爲了訓練生成器,也需要把生成器的梯度歸零,然後重新判別在合成數據上的表現。但是此時,需要把合成數據的標籤賦值爲概率1,意味着生成器可以生成讓判別認爲是真的結果。爲此,需要給表愛你fake_labels賦值爲1,最後是用鑑別器的優化算法更新參數。
for (int64_t epoch = 1; epoch <= kNumberOfEpochs; ++epoch) {
int64_t batch_index = 0;
for (torch::data::Example<>& batch : *data_loader) {
// Train discriminator with real images.
discriminator->zero_grad();
torch::Tensor real_images = batch.data;
torch::Tensor real_labels = torch::empty(batch.data.size(0)).uniform_(0.8, 1.0);
torch::Tensor real_output = discriminator->forward(real_images);
torch::Tensor d_loss_real = torch::binary_cross_entropy(real_output, real_labels);
d_loss_real.backward();
// Train discriminator with fake images.
torch::Tensor noise = torch::randn({ batch.data.size(0), kNoiseSize, 1, 1 });
torch::Tensor fake_images = generator->forward(noise);
torch::Tensor fake_labels = torch::zeros(batch.data.size(0));
torch::Tensor fake_output = discriminator->forward(fake_images.detach());
torch::Tensor d_loss_fake = torch::binary_cross_entropy(fake_output, fake_labels);
d_loss_fake.backward();
torch::Tensor d_loss = d_loss_real + d_loss_fake;
discriminator_optimizer.step();
// Train generator.
generator->zero_grad();
fake_labels.fill_(1);
fake_output = discriminator->forward(fake_images);
torch::Tensor g_loss = torch::binary_cross_entropy(fake_output, fake_labels);
g_loss.backward();
generator_optimizer.step();
std::printf(
"\r[%2ld/%2ld][%3ld/%3ld] D_loss: %.4f | G_loss: %.4f",
epoch,
kNumberOfEpochs,
++batch_index,
batches_per_epoch,
d_loss.item<float>(),
g_loss.item<float>());
}
}
到此,我們基本上可以在cpu上訓練模型。但是,目前還沒有涉及捕捉狀態或樣本的輸出,後面會提到。現在,模型可以做的事,主要依賴於生成的圖片是否看起來有意義(像真實的一樣)。代碼執行的運行結果如下:
[ 1/30][200/938] D_loss: 0.3507 | G_loss: 7.64503
-> checkpoint 2
[ 1/30][400/938] D_loss: 2.7487 | G_loss: 3.29385
-> checkpoint 3
[ 1/30][600/938] D_loss: 0.9987 | G_loss: 1.8063
-> checkpoint 4
[ 1/30][800/938] D_loss: 0.7328 | G_loss: 1.8110
-> checkpoint 5
[ 2/30][200/938] D_loss: 0.9540 | G_loss: 0.9474
-> checkpoint 6
[ 2/30][400/938] D_loss: 0.7088 | G_loss: 2.2973
-> checkpoint 7
[ 2/30][600/938] D_loss: 0.4907 | G_loss: 2.4834
-> checkpoint 8
[ 2/30][800/938] D_loss: 0.5548 | G_loss: 2.5090
-> checkpoint 9
[ 3/30][200/938] D_loss: 0.6886 | G_loss: 3.2052
-> checkpoint 10
[ 3/30][400/938] D_loss: 0.5958 | G_loss: 2.8089
-> checkpoint 11
[ 3/30][522/938] D_loss: 0.6508 | G_loss: 2.5090
模型的定期保存
if (batch_index % kCheckpointEvery == 0) {
// Checkpoint the model and optimizer state.

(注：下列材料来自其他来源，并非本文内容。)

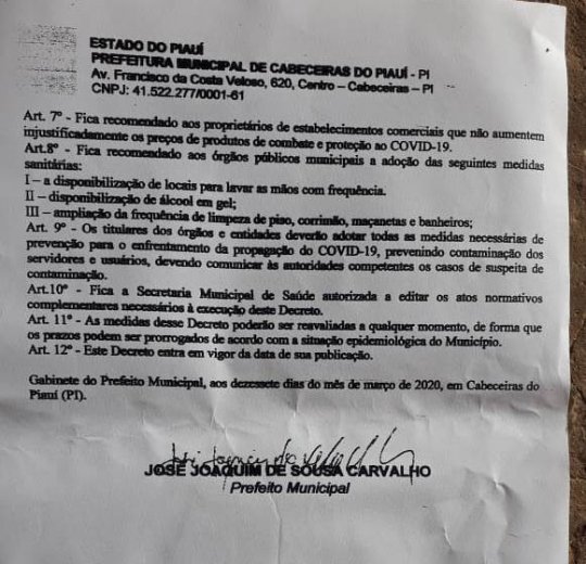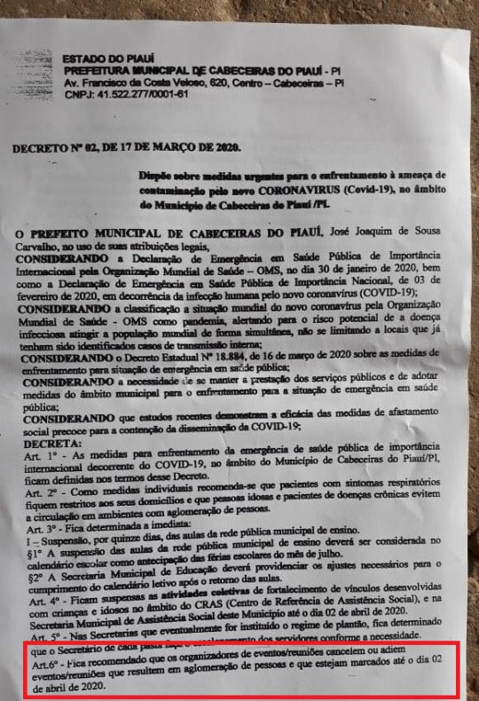 A data é tradicional, mas ocorre que o próprio prefeito já havia baixado um decreto no dia 17 proibindo esse tipo de evento pela cidade por conta dos riscos de contaminação pelo coronavírus, inclusive as aulas já haviam sido suspensas no município. O governo do estado do Piauí também já havia baixado decreto no mesmo sentido, no dia anterior. No dia 20, no entanto, o prefeito baixou outro decreto ratificando o primeiro e a partir dessa data não aconteceu mais eventos pela cidade.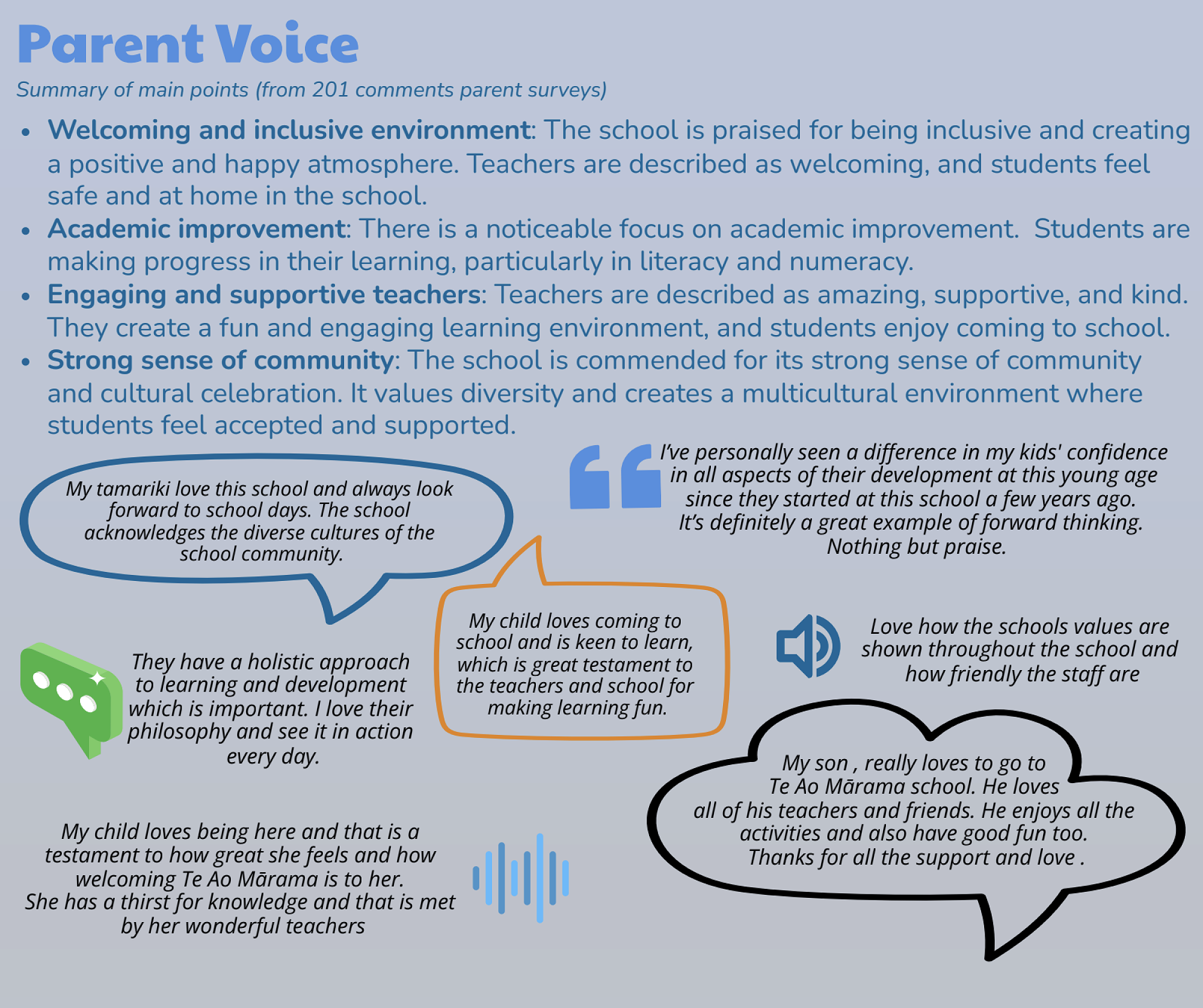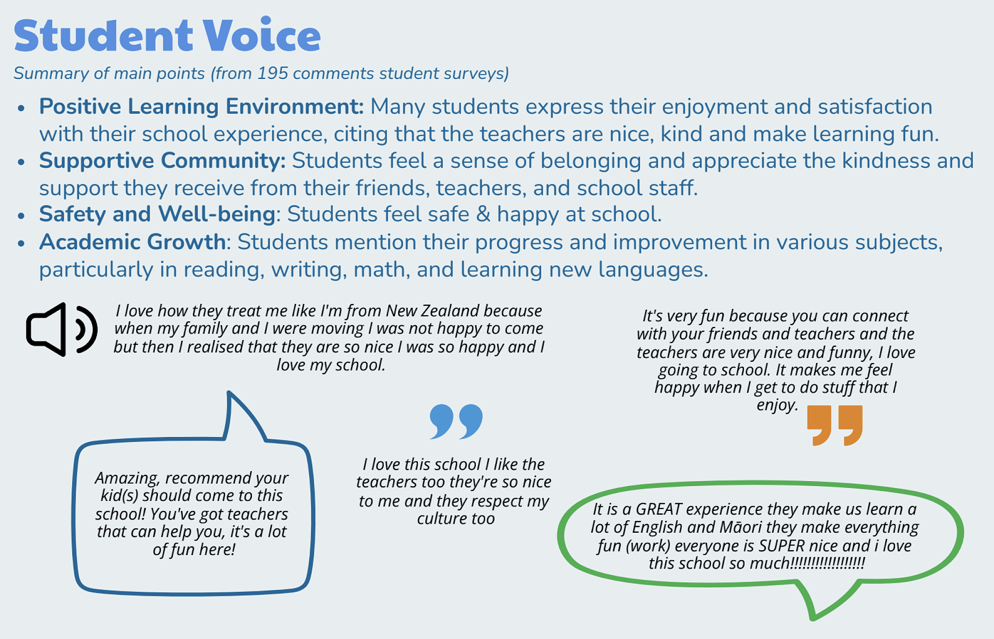 The evidence gathered provides direct insight into how our approach is experienced by learners, whānau, and teachers across our school.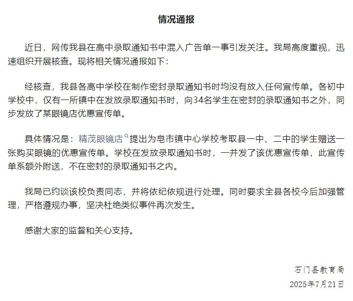 据石门融媒微信公众号消息,近日,网传石门县在高中录取通知书中混入广告单一事引发关注。石门县教育局高度重视,迅速组织开展核查。现将相关情况通报如下: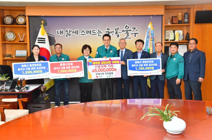 민귀희 동해시의회 의장은 “산불 피해를 입은 울주군 주민과 공무원들의 상황이 남 일 같지 않아 동해시의회와 통장협의회, 재향군인회가 함께 마음을 모아 성금을 준비했다”며 “하루빨리 피해 복구가 이루어지고 주민들의 삶이 일상으로 돌아갈 수 있길 바란다”고 밝혔다.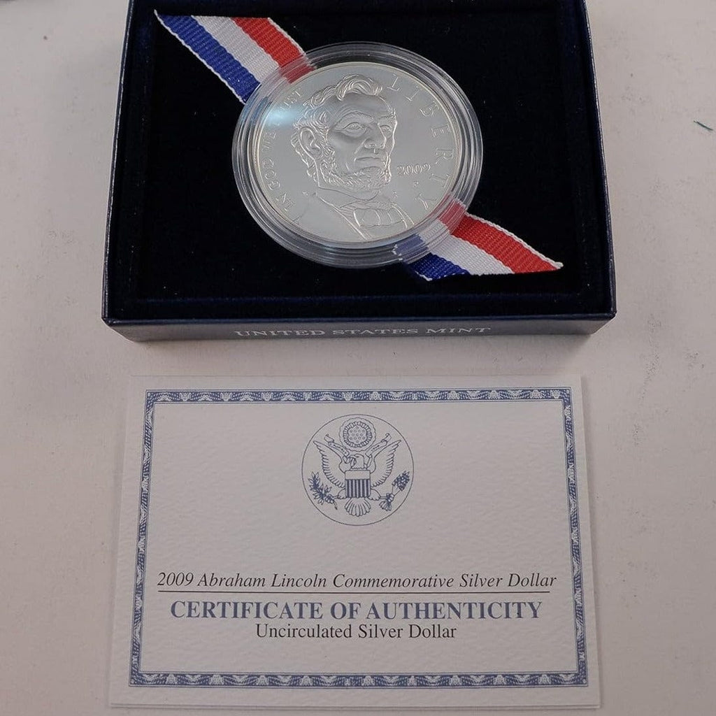 Abraham Lincoln Commemorative Silver Dollar Uncirculated version encapsulated with the original box and COA.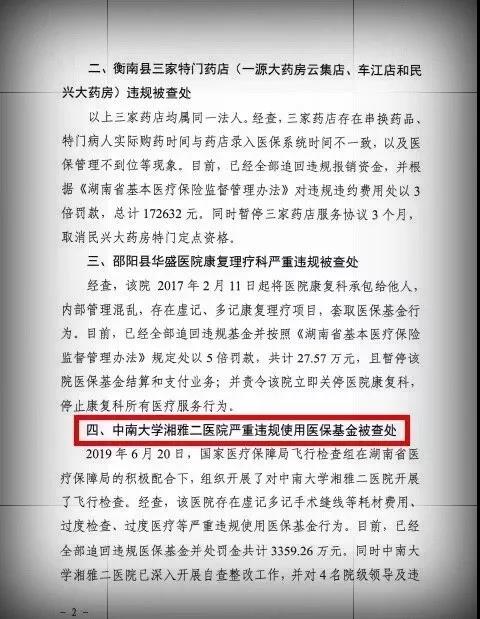 其中,湖南省醫(yī)療行業(yè)的龍頭老大——中南大學湘雅附二醫(yī)院被通報。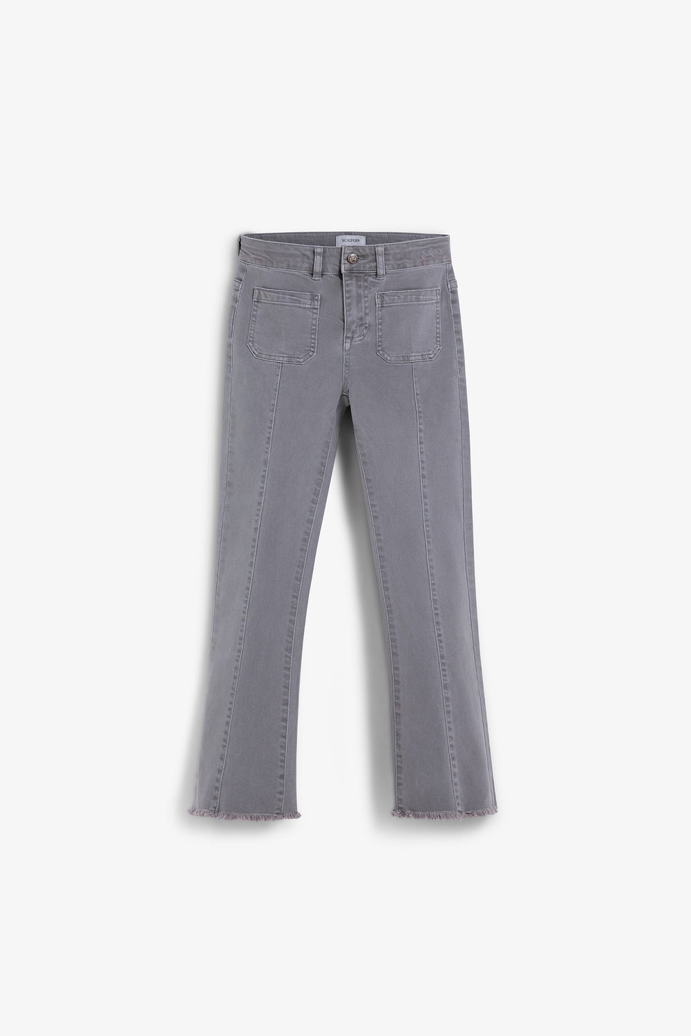 Flared trousers made of BCI cotton. Button and zip fastening. Belt loops at the waist. Front and back pockets. Seam detail on the front. Side slit and frayed hems.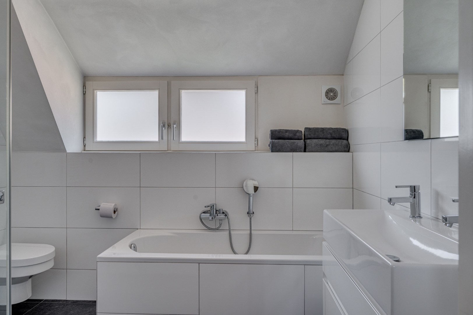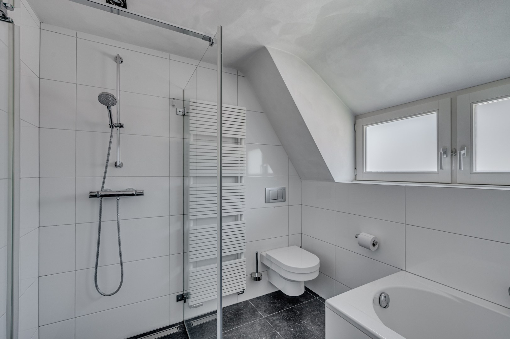 - De badkamer (ca. 6m2) is compleet en tijdloos ingericht, voorzien van een ligbad, douchecabine, hangcloset en een grote wastafel met meubel.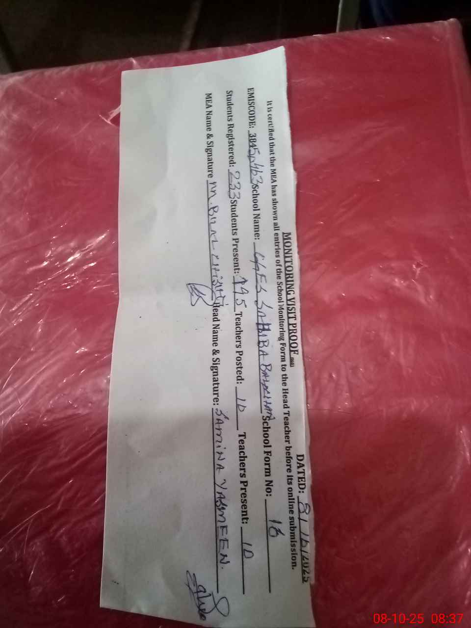 | Certified that this School was Inspected by the Undersigned MEA/DMO Today and the Information Stated Above is as Per Record. | |||||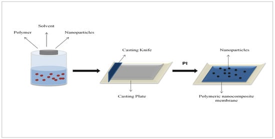 The preparation of the SGO-blended CA membrane was done using non-solvent-induced phase inversion (NIPS) [27]. The compositions of casting solutions of CA, THF as solvent, and the desired concentration of SGO nanomaterials are given in Table 1. In the beginning, the precise SGO nanoparticle amount was poured into THF solvent and dispersed for 30 min using a sonicator (ultrasonic water bath) for improvement in homogeneity. On other side, CA was added into the THF solution and under continuous stirring was poured with the dispersion of SGO at room temperature. For better dispersion of SGO, nanomaterials into CA matrix and elimination of air bubbles the solution was kept for 24 h. The casting solution was then ready to be casted using casting glass plate with thickness of (150 μm) and casting knife, and the film so obtained was then submerged into coagulation bath containing distilled water for almost 2–3 min. Afterwards, the prepared film was detached from casting plate by washing three times using pure water. The membrane so obtained was allowed to dry at room temperature and then stored for further use (Figure 1).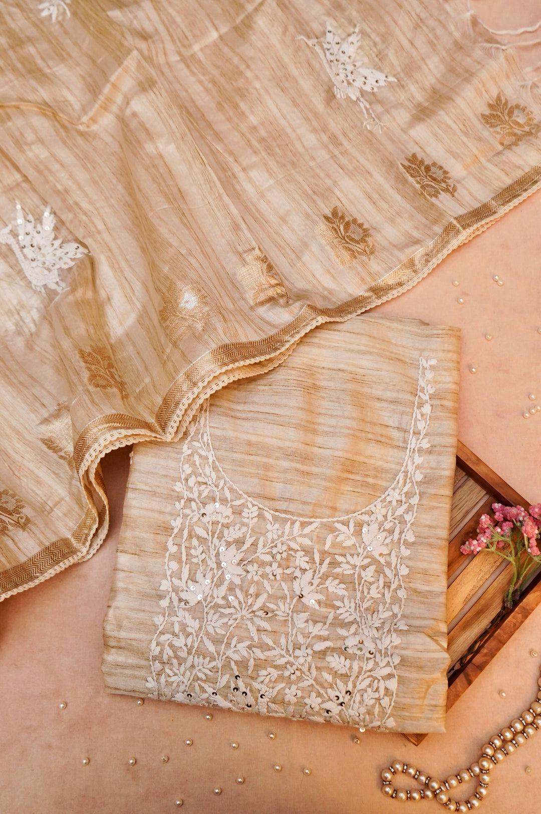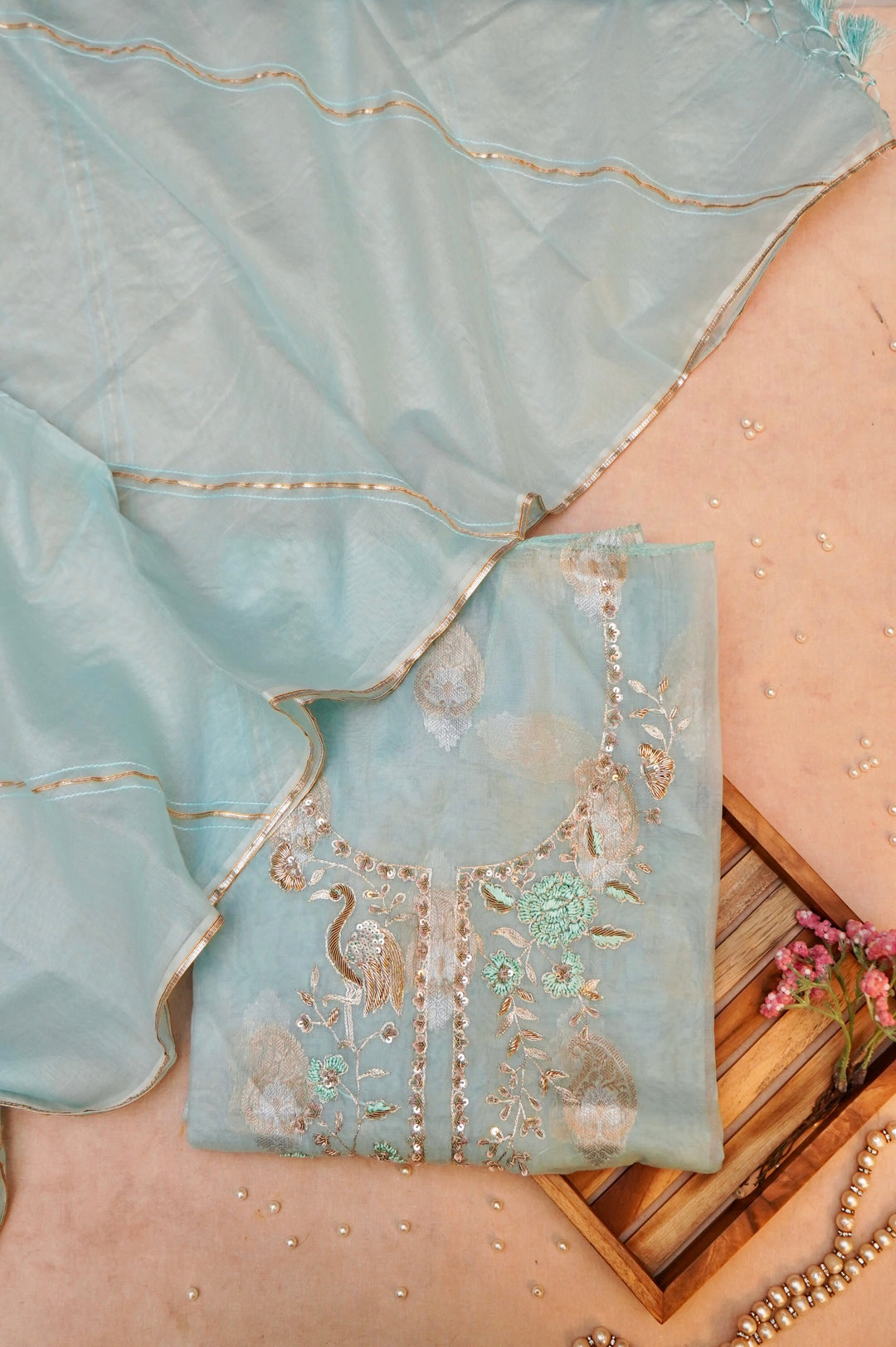 - Unstitched Powder Blue Pure Chanderi Tissue Suit Set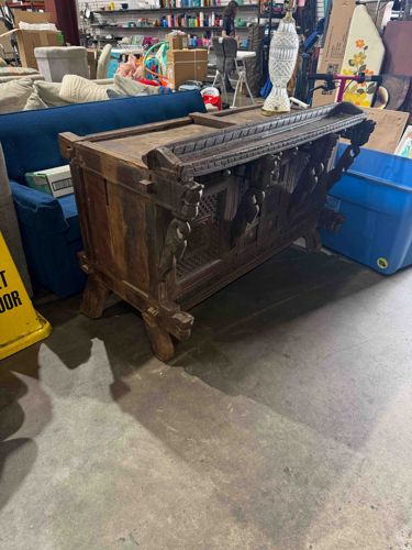 Antique Carved Wood Damchiya (Indian Dowry Chest or Sideboard)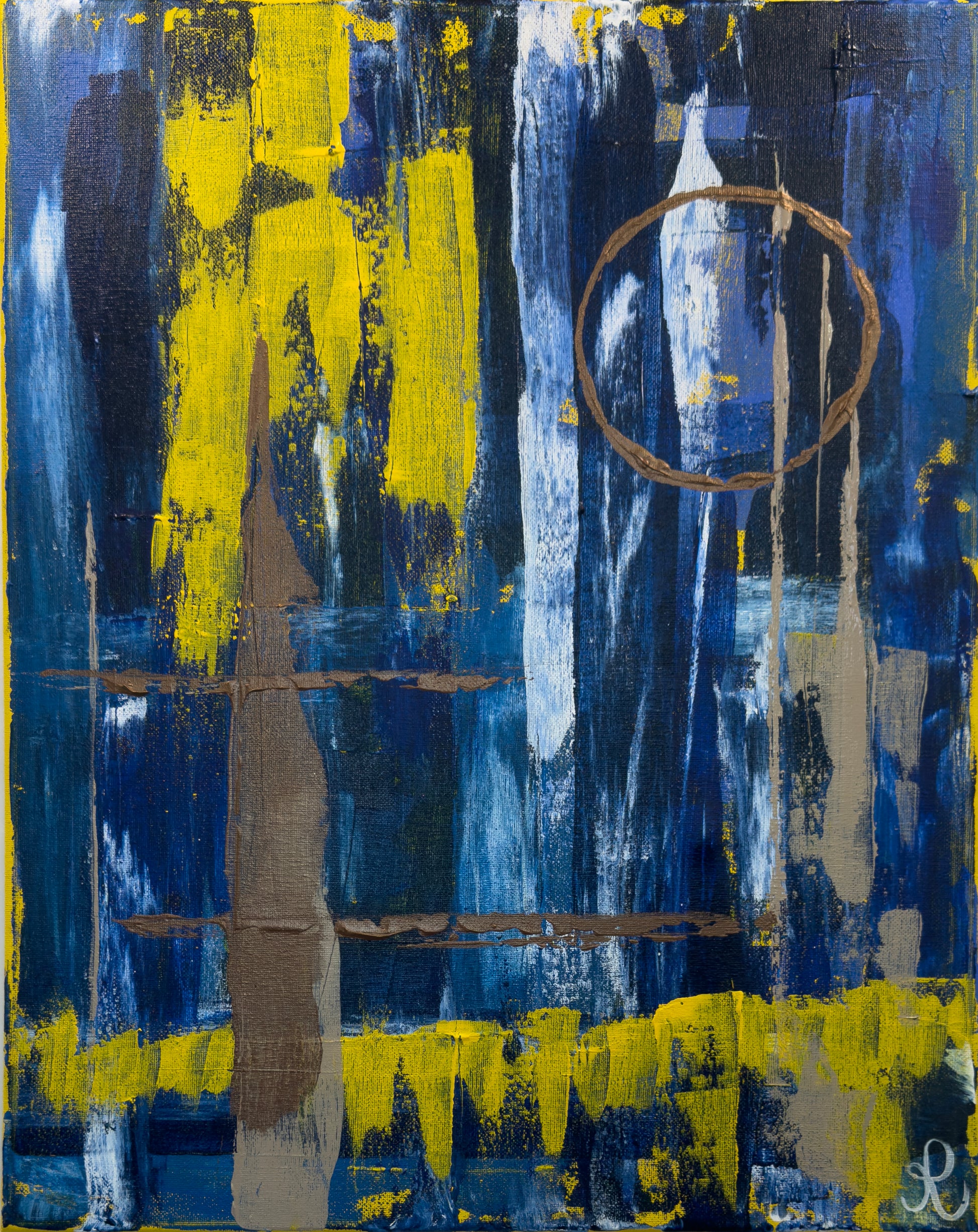 Inspired by the ancient myth of Helios, this painting depicts the sun’s journey through the dark expanse of the cosmos. The vertical strokes represent the "falling" of the night, while the golden ring is the sun itself—stubborn, bright, and eternal. It is a story of persistence: even when surrounded by the vast cold of the blue void, light finds a way to carve out its place and leave a glowing trail behind.

torch::save(generator, "generator-checkpoint.pt");
torch::save(generator_optimizer, "generator-optimizer-checkpoint.pt");
torch::save(discriminator, "discriminator-checkpoint.pt");
torch::save(discriminator_optimizer, "discriminator-optimizer-checkpoint.pt");
// Sample the generator and save the images.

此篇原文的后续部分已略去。